I=0, J=4, 10, 16 (producing 4+0, 10+0 and 16+0 ... 4, 10 and 16)
"...*.....*.....*...."
And the second part of the GOSUB doing the right side of the pyramid shape:
I=2, J=4, 10, 16 (producing 4-2, 10-2 and 16-2 ... 2, 8 and 14)
".*.....*.....*......"
I=1, J=4, 10, 16 (producing 4-1, 10-1 and 16-1 ... 3, 9 and 15)
"..*.....*.....*....."
I=0, J=4, 10, 16 (producing 4-0, 10-0 and 16-0 ... 4, 10 and 16)
"...*.....*.....*...."
Together, the strings end up as:
".*...*.*...*.*...*.."
"..*.*...*.*...*.*..."
"...*.....*.....*...."
And that draws the bottom of the diamond!
Line 8 – The NEXT for the I (bottom of diamond) loop.
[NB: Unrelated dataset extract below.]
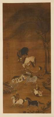 孫雲亭 九駿圖 水墨設色絹本 立軸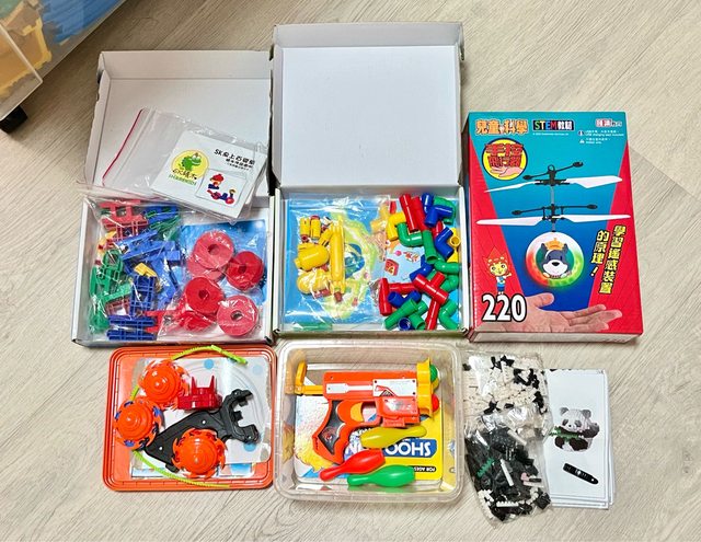 玩具多約七到八成新,科學玩具、熊貓積木全新。

Line 9 – The NEXT for the “do it three times” loop.
Line 10 – END, so it won’t try to run the subroutine again.
Wow, that’s cool.
What do you think?
More to come…?
This is great! This is the direction I was going, but it didn’t occur to me that it would work better to just build a string of spaces that is already the width of the screen and MID$ the asterisks where they need to be.
I have not looked at compressed versions of each to see which one is smaller.
I did this with assembly language and got the executable down to 81 bytes. I did a similar thing to Rick’s program, although I used a bit mask to indicate where to print a space (a ‘0’ bit) and an asterisk (a ‘1’ bit, and there were enough bits left over for each line to center the image).
Do you mean, like representing the pattern using 0’s and 1’s of bytes?
Are you putting data on the screen, or calling some ROM routine to output like PRINT does?
To your first question, yes. It looks like:
stars fcb %00000001,%01000101,%00010100
fcb %00000010,%00101000,%10100010
fcb %00000100,%00010000,%01000001
fcb %00000010,%00101000,%10100010
fcb %00000001,%01000101,%00010100
top fcb %00000000,%10000010,%00001000
(hopefully, that’ll come out) The label top is printed first, then three copies of the data labeled by stars.
Second, I’m calling [$CHROUT] for character output. I did come across the video with the results (https://www.youtube.com/watch?v=RGv2u6epVTY) and the smallest assembly version was around 40 bytes I think. Pretty wild stuff.
I had zero ideas on this one – everything I tried was just larger. I expect the smallest ones made use of some kind of pattern, rather than encoding the image. Did you enter?
No, I did not. I didn’t feel like I needed Yet Another Account.
Was your asm for the CoCo? Would you be willing to let me share it in a blog post?